Typisch für den inzwischen 70-Jährigen ist, dass er der schwierigen Situation positive Seiten abgewinnen kann. "Früher haben sich die Menschen vor meinem Büro gestapelt", erinnert er sich. Heute komme er überraschend gut mit dem System der Videokonferenzen zurecht. Besprechungen im 30- oder manchmal sogar 15-Minuten-Takt, wie in diesen Zeiten oft nötig, wären anders gar nicht möglich. Lahl räumt ein, dass das Zwischenmenschliche dabei ein bisschen auf der Strecke bleibe. Deshalb habe er sich vorgenommen, kein Gespräch mit Mitstreiterinnen und Mitstreitern zu führen, in dem nicht mindestens einmal gelacht werde.
Angesichts der angespannten Lage laute eine beliebte E-Mail von ihm "Halte weiter durch". Damit will er nicht die hohe Belastung bagatellisieren, sondern signalisieren, dass ihm bewusst ist, wie schwierig die Lage für jede und jeden Einzelnen ist. Das zeige sich nicht zuletzt in einer Zunahme der Krankmeldungen. Nicht überraschend für Lahl, im dritten Jahr der Pandemie könnten die Menschen einfach nicht mehr, so der Amtschef. Sein eigenes Stehvermögen allerdings leidet nicht.
Das dürfte sicher auch einer der Gründe sein, warum er als Feuerwehr ins Sozialministerium geholt worden war. Dass die Anfrage zum Wechsel vom Verkehrsministerium ins Sozialministerium vor einem knappen Jahr von höchster Stelle, also von Ministerpräsident Winfried Kretschmann kam, bestreitet er nicht. "Einer muss es machen", habe er sich gesagt und scheint auch ein wenig stolz darauf zu sein, dass man ausgerechnet ihn rief. Damals wackelte der Stuhl von Minister Manfred Lucha, der sich von Opposition und Medien Missmanagement vorwerfen lassen musste. Wie dringend ein neues Corona-Management benötigt wurde, zeigt auch, dass der damalige Amtschef Wolf-Dietrich Hammann nur wenige Wochen vor seinem Eintritt in den Ruhestand seinen Posten räumen musste. Offiziell wurde dies damit begründet, dass er noch seinen Resturlaub abfeiern müsse.

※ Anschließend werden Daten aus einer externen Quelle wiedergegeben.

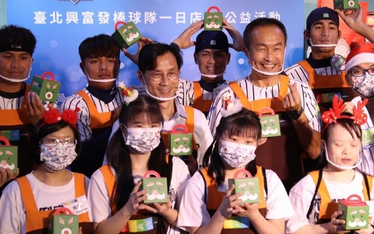 臺北興富發棒球隊長期關注社會公益議題!臺北市政府體育局李再立 局長帶領球員們今(16)日下午於唐氏症基金會愛不囉嗦承德店舉行「耶誕送暖,愛心紅不讓」一日店長公益活動,一起在耶誕前夕放下球棒,拿起擀麵棍與唐寶寶學習製作餅乾、包裝禮盒, 並帶領他們體驗樂樂棒球,親身力挺唐寶寶的耶誕禮盒。

Ein Macher sollte Lucha retten
Mit Lahls Wechsel aus dem Verkehrsministerium wurde Lucha jemand zur Seite gestellt, der von der lokalen Presse als "Krisenmanager der harten Sorte" beschrieben wurde. Zielstrebig und durchsetzungsfähig. Diese Rolle füllt er auch ohne Probleme aus, wenn es sein muss. Weil er sein Amt als Aufsichtsratschef des landeseigenen Verkehrsbetriebs SWEG weiterhin ausübt, hat er die Verhandlungen mit dem insolventen privaten Bahnbetreiber Abellio geführt. Da habe er mit seinem Nachfolger als Amtschef im Verkehrsministerium die Rolle des guten und des bösen Unterhändlers gespielt – mit Erfolg, erzählt Lahl schmunzelnd.

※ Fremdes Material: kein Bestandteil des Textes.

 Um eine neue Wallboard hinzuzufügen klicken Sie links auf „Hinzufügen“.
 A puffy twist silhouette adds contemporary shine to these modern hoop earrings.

Als ausgebildeter Chemiker geht der gebürtige Bremer davon aus, dass auf jede Reaktion die entsprechende Gegenreaktion erfolgt. Deshalb ist für ihn klar, dass die Chemie stimmen muss. Die Grundlage für gute Arbeit ist für ihn ein vertrauensvoller Umgang. Die MitarbeiterInnen bräuchten einen ruhenden Pol, nichts Hektisches, kein Brüllen, kein Hin- und Herspringen und vor allem auch Zuwendung und Bestätigung. Wichtig sei, Ruhe und Vertrauen auszustrahlen. Damit wirkt Lahl wie ein Gegenpol zu dem eher emotional agierenden Minister.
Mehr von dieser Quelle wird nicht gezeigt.